City City Bang Bang, Columns

Of Twitter outrage & media silence

So, finally the genie is at large. After a period of co-ordinated silence, media has begun covering mediagate – the scandal involving the Radia tapes. More precisely, it has started covering the aftermath of the scandal that involves more than a few extremely senior journalists. In many ways, media had no choice, given the pressure that was relentlessly maintained by those haunting the alleys of social media. Like the noise of an enraged crowd that grows as it approaches the palace gates, the pressure from social media has kept on building, making it impossible to ignore. The blanket silence that was achieved on mainstream media, give or take a few exceptions, was undone by the noisy roar of Twitter outrage. In another day and age, the story would have been effectively killed, but there was no chance of that happening, given the availability of this direct pipeline from and into the consciousness of the public.

The power of social media needs to be reflected upon for it is a new force that begs deeper understanding. In a country of India’s size it potentially wields power disproportionate to the number of people it involves and reaches. Its influence comes partly from its design – there are very few other mechanisms we have where citizens can offer direct feedback in real time to events as they unfold. On Twitter a section of India thinks aloud and does so with little restraint. By allowing people to connect with each other while simultaneously speaking to the universe, it merges the individual with the collective and the personal with the public. Every new input is multiplied, as we saw in this case; any new information or article was relayed instantly and added to the swelling tide of opinion. The influence of social media comes also from the romance that surrounds it. The same thing said on Twitter becomes touched with the stardust of the new age and receives greater attention.

Of course, social media in general and Twitter in particular work best when it is possible to collapse the issue into key focal points. In this case, we saw most of the ire directed at specific individuals and the mainstream media for its refusal to acknowledge the issue. Twitter is text at its most primal; it is the digital equivalent of a scream, in that the sound is more significant than the content of the communication.
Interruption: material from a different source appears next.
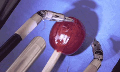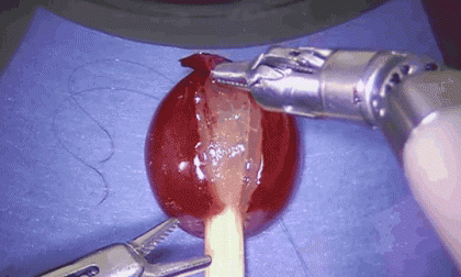 优雅而又稳定的穿针引线,成熟稳健的缝合了新鲜葡萄上开裂的葡萄皮,这不是什么手术室新来的实习医生,而是一台名为达芬奇手术系统的高端远程遥控机器人,下面的一堆动图里,你能看到它对缝合做最后的润色,打结,剪掉多余线头,轻松完成任务。

Nuance is sacrificed for force, as diverse individuals converge to create a shared vocabulary of outrage. Crowds collaborate to create a common edifice of anger and they do so by giving unremitting attention to a few slogans.
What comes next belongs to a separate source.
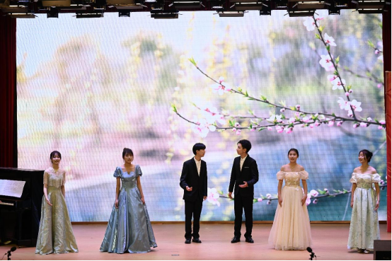 伴随着主持人激情满满的开场白,音乐会就此拉开了帷幕。首先由邓毅杰同学为我们带来爵士鼓独奏《four》,给老师和同学们进行了预热,让我们对接下来的音乐会更加充满期待;作品《南屏晚钟》描述了一位年轻少女的相思之情;《.City of stars》表达出男女主人公在追求人生梦想时的那份孤单、坚定和期许;《彩云追月》这首曲子是描写人们心目中的月宫仙境,两位同学的表演,彰显了典型的广东民间音乐风格,让同学们陶醉其中;作品《Turkish March》在吕迪莎、李子妍两位同学的手中演奏得更是精彩绝伦;独唱《Parla Piu Piano》以黑社会和交易的故事作陪衬,且以其清澈如甘泉的旋律反复歌咏爱情;小提琴独奏《中原畅想曲》演奏出浓郁的河南地方风味;《赤子情》抒发了赤子们对祖国的思念,讴歌对祖国的眷恋之情;四手联弹《森林狂想曲》精彩的演绎仿佛让同学们置身于森林中;《蝶恋花》让我们听见了作者心中无尽的空虚惆怅;混声小组唱《你来了》这首抒情歌曲,倾诉了党中央对广西人民真挚的情怀以及各族人民对党和生活的热爱之情;钢琴独奏《爱之梦》音乐深情婉转,抒写弗莱里格拉特诗中的意境;小组唱《莫尼山》仿佛让大家置身于连绵不断的大山,宽广无垠的草原;最后,全体同学合唱的《我爱你,中国》,歌曲表达了对祖国的热爱,全体同学气势磅礴,饱含深情的演绎了这首歌曲,令人久久不能忘怀。

In retrospect, perhaps blanking out news about the scandal was the worst possible way to try and control the story. It would appear media does not fully understand the effects it generates, given that all that the silence achieved was to give those on social media a focused sense of purpose and played to the strengths of this new medium. Had the media covered the story, it would allowed for many divergent voices to emerge. It would have blunted the righteous sense of outrage, the heady feeling of standing up to the establishment that has fuelled much of the chatter. By creating multiple strands of opinion, it would have fragmented the discourse by raising several questions that are currently not being asked today. And there are legitimate questions that need to be addressed along with the main issue of the loss of journalistic integrity. Who engineered the leak? Why now? What do the other conversations show? What about the violation of privacy of those not directly involved?
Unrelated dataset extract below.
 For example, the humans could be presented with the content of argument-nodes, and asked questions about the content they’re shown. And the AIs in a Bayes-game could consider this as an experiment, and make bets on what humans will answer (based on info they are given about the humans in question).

When media begins to gag itself and that too because of a vested personal interest, it creates several distortions. It allows a powerful but twisted narrative of outrage to emerge through alternative channels such as social media. It foregoes the right to dissect larger issues and enable us to put things in perspective. Most importantly, it surrenders its responsibility as a pillar of democracy to act as a watchdog that keeps other institutions honest. Today, we stand at a juncture where we have successfully hollowed out belief in any and every institution. The media, for all is obsession with rating points, its sensationalist framing of issues and its surrender to the charms of glamorous celebrities, was believed to be providing us with some protection by auditing the actions of the powerful. By first showing us that a significant section of media was not worthy of our trust and then by colluding with each other to prevent this story from coming out, media has abdicated its responsibility and created a situation where there is virtually no credible institution left intact to bring about the change that is so clearly required.

For all its power, the answer does not lie in social media. We need to be grateful that it exists, for it ensures that deliberate erasure of reality is no longer possible, but it cannot replace the role played by media, at least for now. If there ever was a time for introspection by media, it is now. It may or not act as the watchdog as it once did, but it has a watchdog of its own. And while the bark of social media is decidedly worse than its bite, it sure knows how to bark.